In some surprisingly distant tomorrow, you will grow weary of Earth.

The wan gray of polluted skies will weigh on your soul, and you will recall bluer days, and wish for your childhood, when the grass seemed taller and would rub your inner thighs as you rambled through the fields. You will remember the calls of warblers and meadowlarks, and wonder: Where have all the birds have gone?

You will grow older than any person should. When your friends and family are have all passed, you’ll keep doddering on, a relic from a forgotten age.

Is it the life-extension drugs that keep me going? you will ask yourself. Maybe I should stop taking my Attaroxin. Why would I want to keep on living when everyone I care about is dead?

Secretly, though, you’ll know the truth. You’re fueled by hope.

Every day will bring new wrinkles to your body, and sharp new pains that mask dull aches. Every day you will shuffle more slowly than you did the day before, until it is a labor to get to the toilet.

As your hormones wane, you’ll lie awake at night, unable to sleep. Not like a young person does, with loins afire, lusting.

You’ll feel empty, purposeless.

A salesman will call. He’ll be a bright young man with a smiling face and a neat haircut. All regimes make use of such boys. He’ll be a tool of the state.
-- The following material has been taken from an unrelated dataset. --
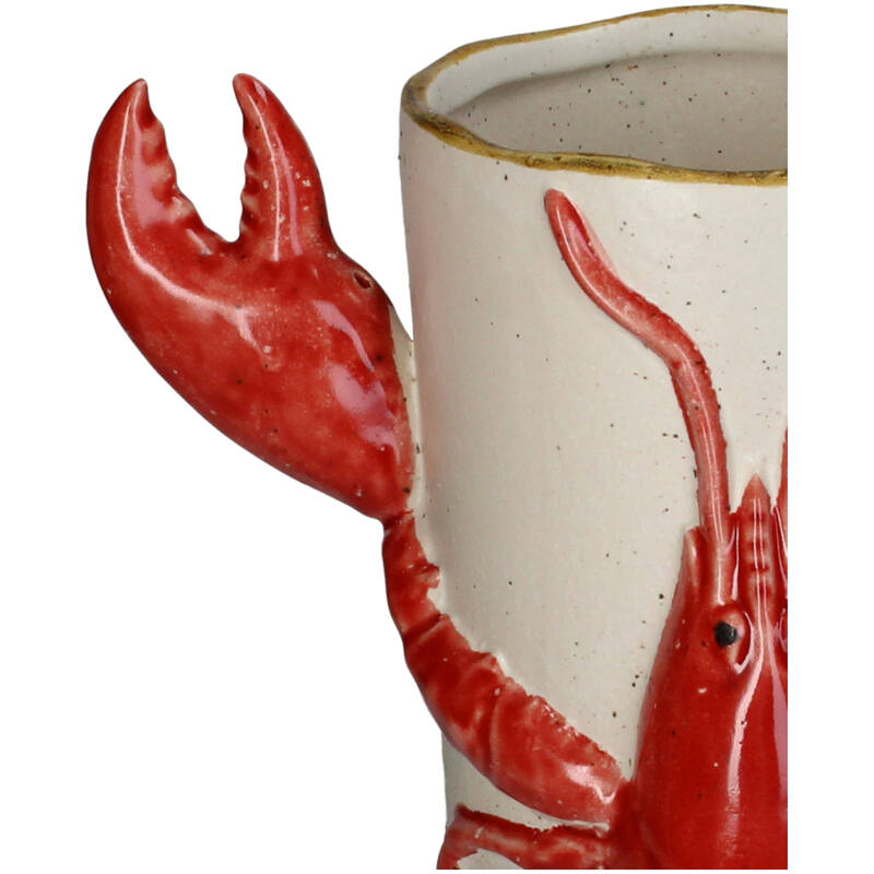 Giv dit hjem et maritimt præg med den unikke hummer vase fra Kersten. Denne keramiske vase i en livlig rød farve med en charmerende hummer, som tilføjer både karakter og farve til dit interiør. Den er ideel til blomster, men fungerer også som et dekorativt element, selv når den står tom.
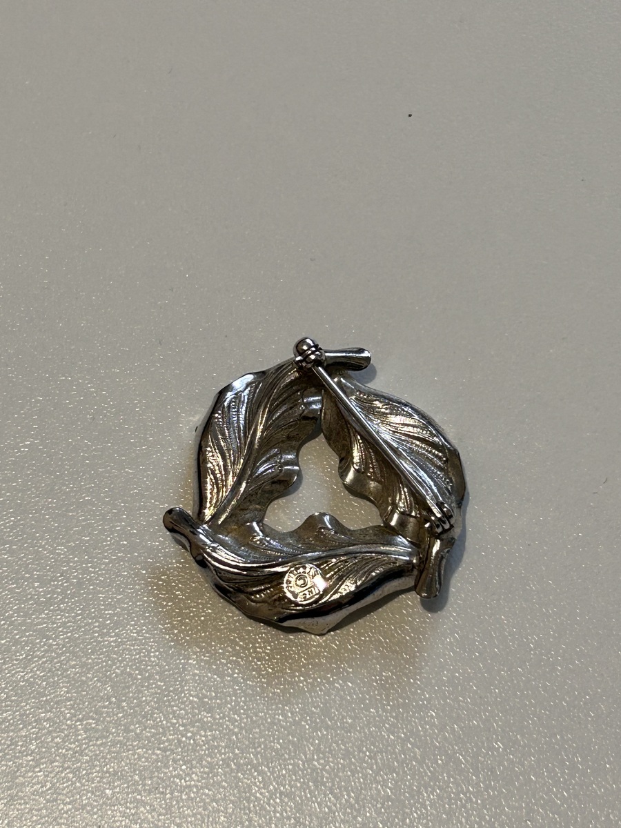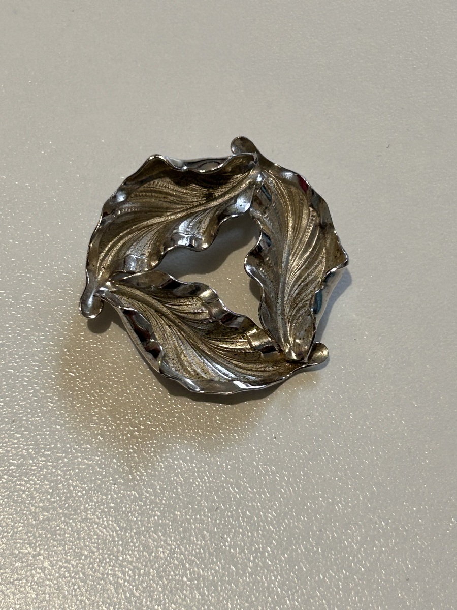 This beautiful brooch is crafted from high-quality sterling silver and features stunning leaf circle connect design. The intricate details of the leaves make this piece a true work of art. Perfect for adding elegance and sophistication to any outfit, this brooch is sure to turn heads.

“We need you,” he’ll tell you, his teeth a perfect white. “You’ll be of tremendous service to your country. You’ll be a hero! Just put on a battle suit.”

Oh, you’ve spoken to recruiters before, when you were young. You know the dangers.
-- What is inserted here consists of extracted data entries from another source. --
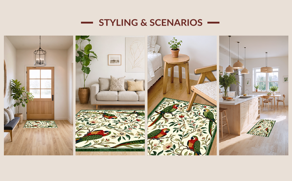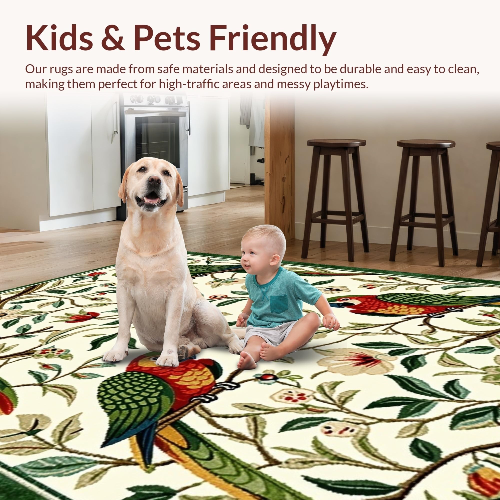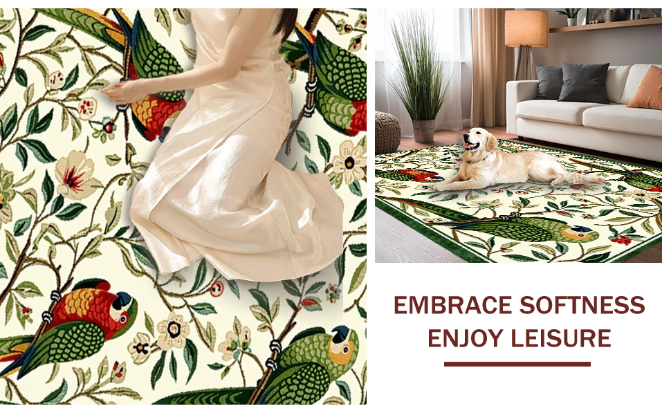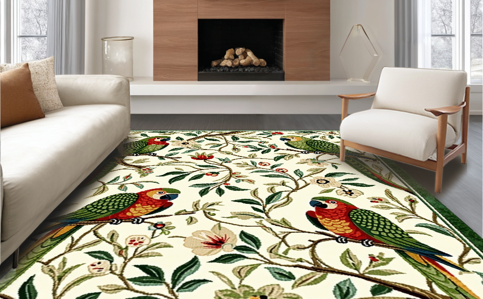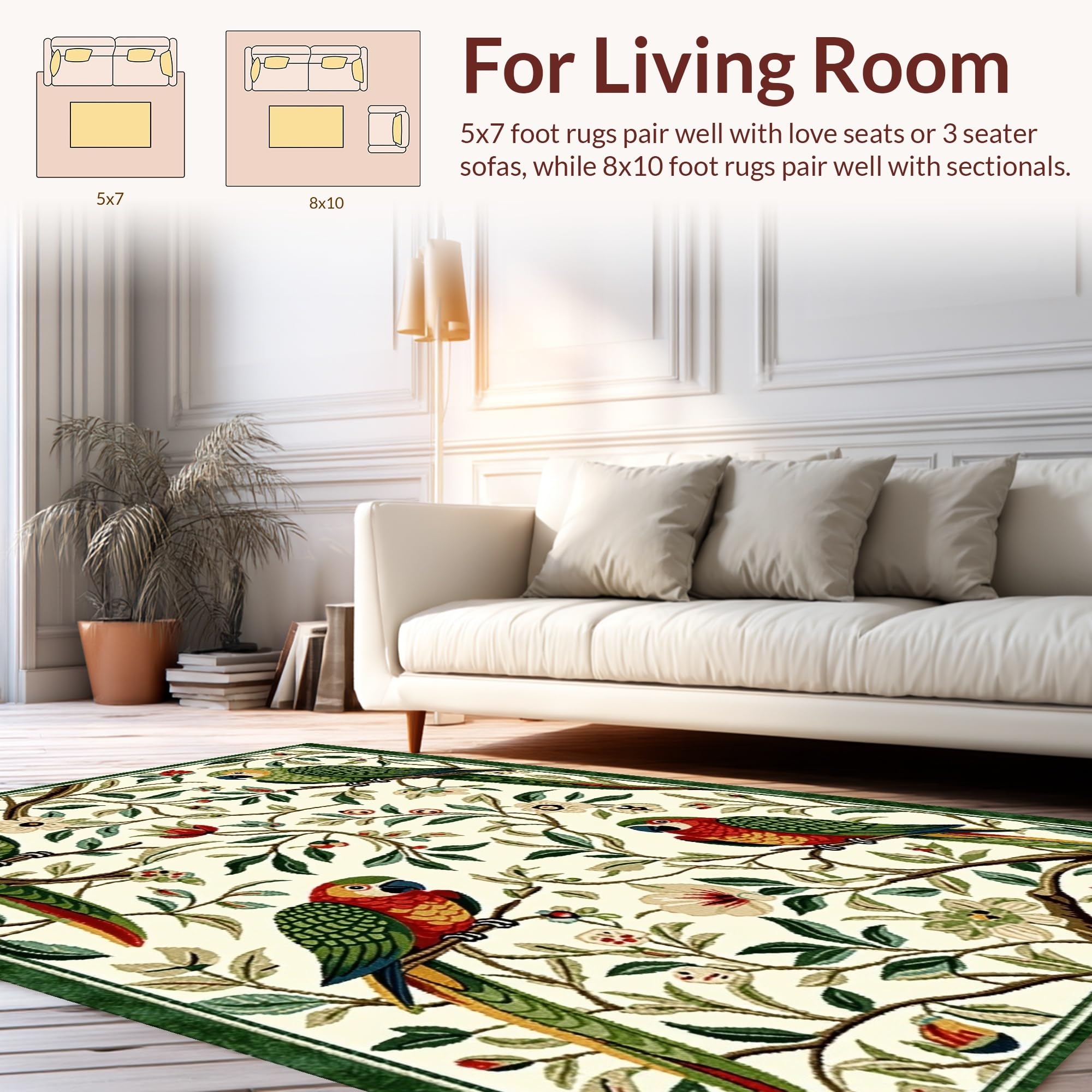 Ultra Soft Area Rug, Non Slip, Stain Resistant, Washable Area Rugs for Living Room, Bedroom, Luxurious Floral Medley Design(Ivory) Overview: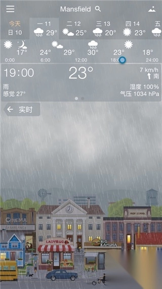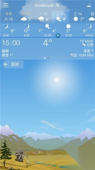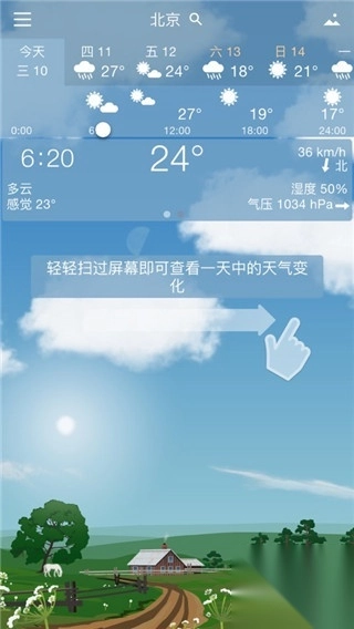 3、但是最奇妙的是你可以提前预知未来的天气。 只需轻轻扫过屏幕,你就可以看见一天之中的天气变化。当然你可以看见当前的天气以及今天到未来几天的天气预报。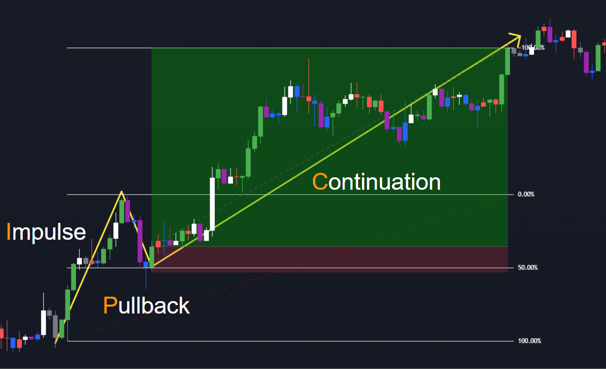 The F50 Indicator helps you instantly spot the Impulse, Pullback, and Continuation pattern — a timeless setup that’s worked since markets began.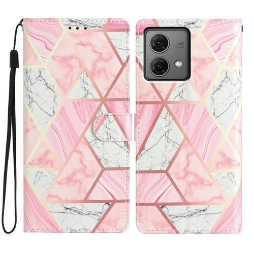 Funda de Cuero para Motorola Moto G84 5G con Dibujo Coloreado Mármol Rosa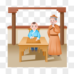 一组手绘插画孟母三迁成语故事插画套图合集元素一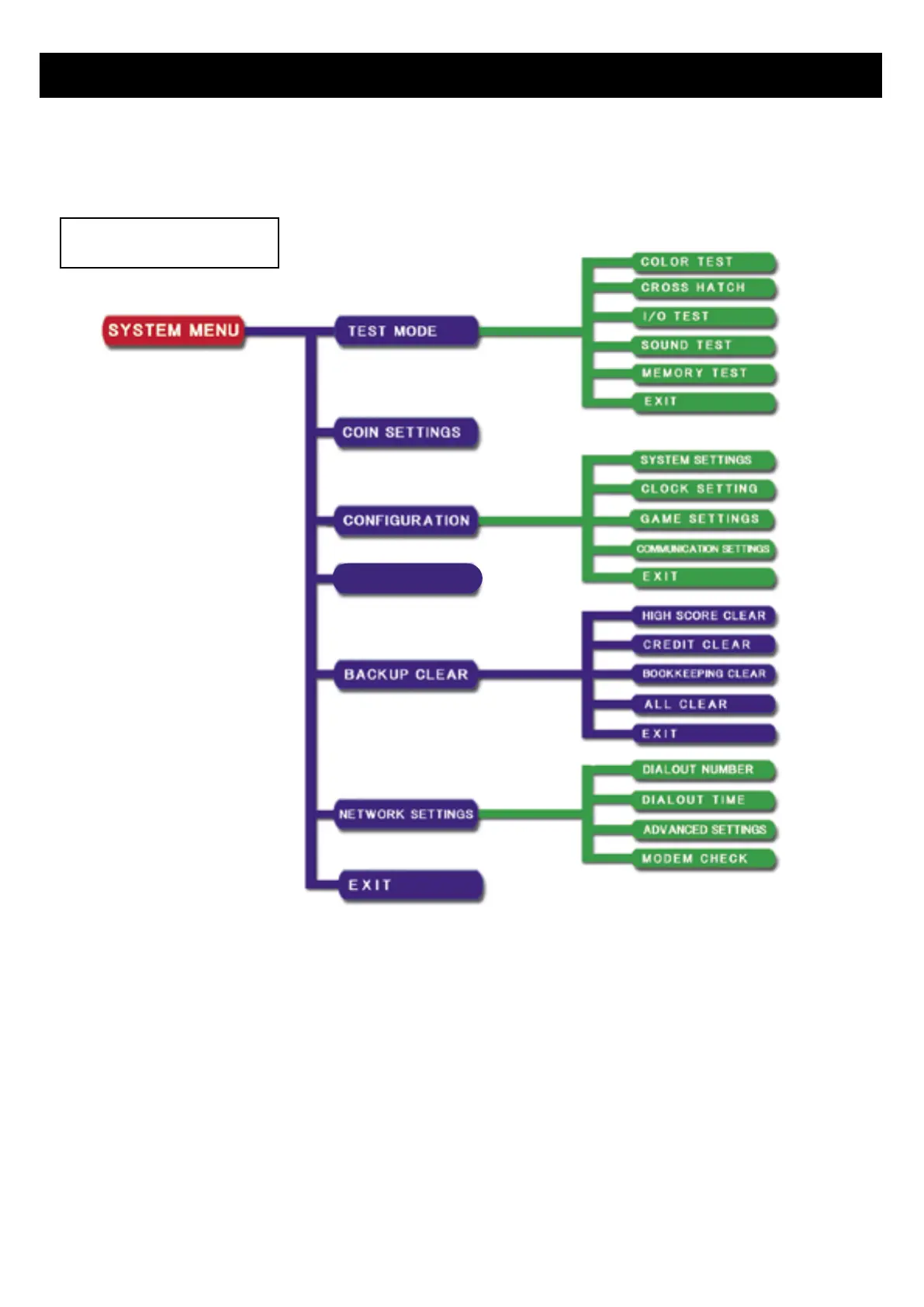 go to SYSTEM MENU. Press 1P START switch quickly to move cursor. Press &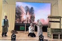Театральләштерелгән тамашада рольләрне Татарстан Республикасының Атказанган мәдәният хезмәткәрләре Марат Баязитов белән Зөлфирә Баязитова, Фарил Дульмиев, күпсанлы Халыкара конкурслар лауреаты Ленар Хамматов һәм үзешчән артистлар - Айназ Газизов, Илназ Сибгатуллин, Нурия Халикова, Хәнифә Халикова башкарды. Артистларның чыгышы тамашачыларның дәвамлы алкышларына лаек булды. -

You’ve seen the victims of war: Drooling wrecks, with their brains half blown out. You see it on the news every day—people crazed by addiction to battle drugs going postal on the mean streets of Los Angeles and New York.

What does it matter that the wars are now fought on Mars, amid red raging sandstorms, where a cymech in battle armor can run a hundred miles per hour? What does it matter that warriors now have the neurons in their brains wedded to crystalline interfaces, and are considered only the “biological component” to a much more sophisticated organism?

War is war, and the fallout is always sickening.

“What the hell?” you will ask yourself. “It has been ages since anyone needed me.”

You’ll take the med-tests, sign the contract.

You’ll study your options carefully, make your decision. “I’ll go for the Aspire-Class ship.”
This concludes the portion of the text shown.